じっくり見れば見る程、どこがそんなに好きなのか問いたくなる。
とても小さな女の子。とても派手で、どこにでもいるような女の子のように見えた。
こちらが愛想よく挨拶したのに、どこかつまらなそうな不愛想な顔を浮かべて、これならばわたしの方がよっぽど良いじゃないの?と思ってしまった自分をまた嫌いになる。
西城さんや井上さんが好きになったからには、それなりの理由がある。けれどロクに話してもいない訳だから、彼女の良い所なんて分からないんだ。

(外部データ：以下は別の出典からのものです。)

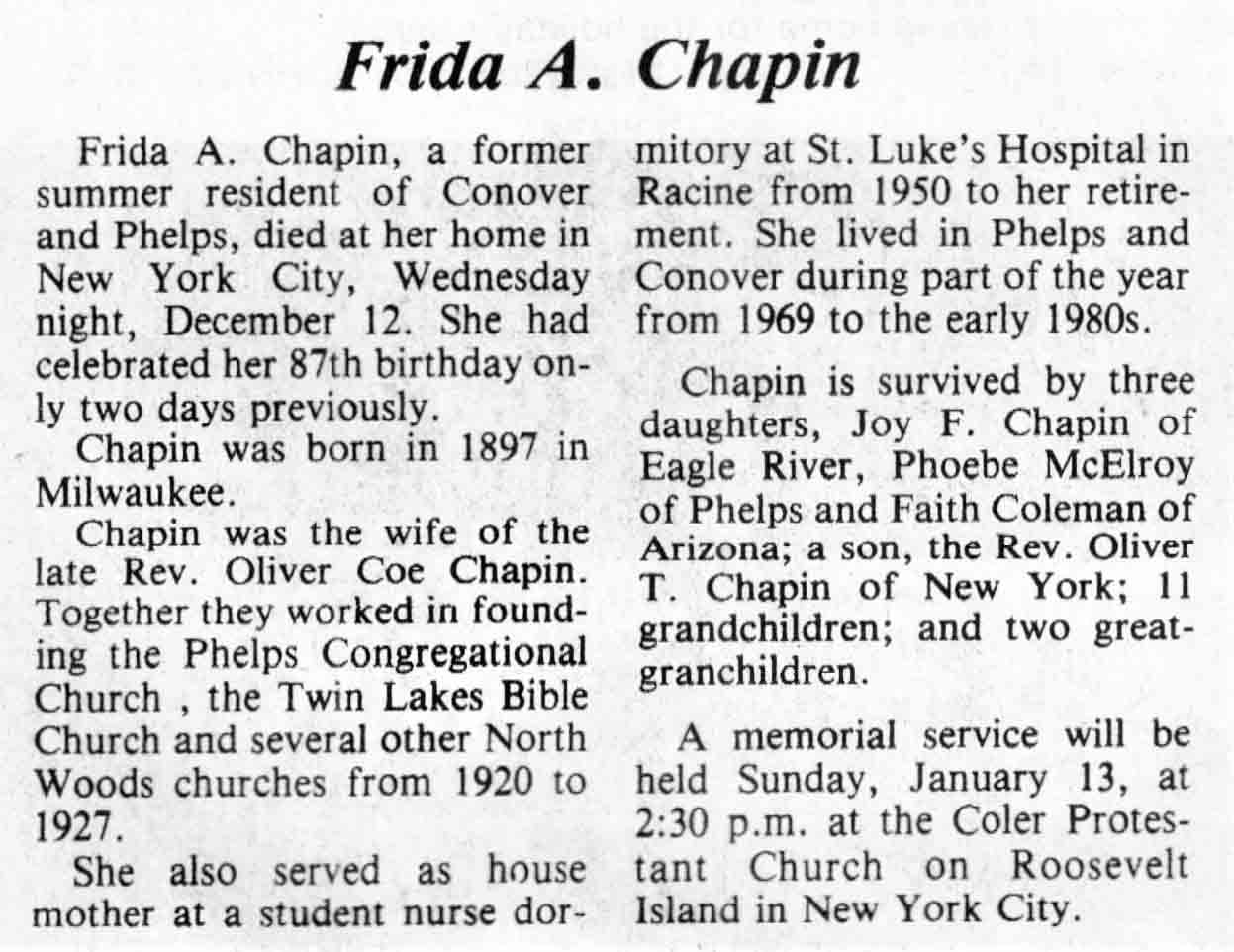 | Chapin | Frida A | 10 Dec 1983 | 12 Dec 1984 | TLN | 26 Dec 1984 | 4 |

けれど誘われたお花見で、井上さんは琴子さんを、琴子さんは井上さんをちらほら気にしているなんて、わたしじゃなくても気づく訳で、気づいていないのは当の本人たちだけだと思った。
だからこそ行くべきではなかったのだ。そんな現実を見せつけられるような真似をして。
申し訳ないと心から思った。
琴子さんがわたしにあんな酷い言葉をぶつけてきた事に関しては恨んでいない。その言葉はその通り事実だったわけで、井上さんの事は初めはこれっぽっちも好きじゃなかった。
だけどその言葉をぶつけた後、琴子さんが酷く傷ついた顔をしたから、わたしよりもずっと傷ついた顔をしたから。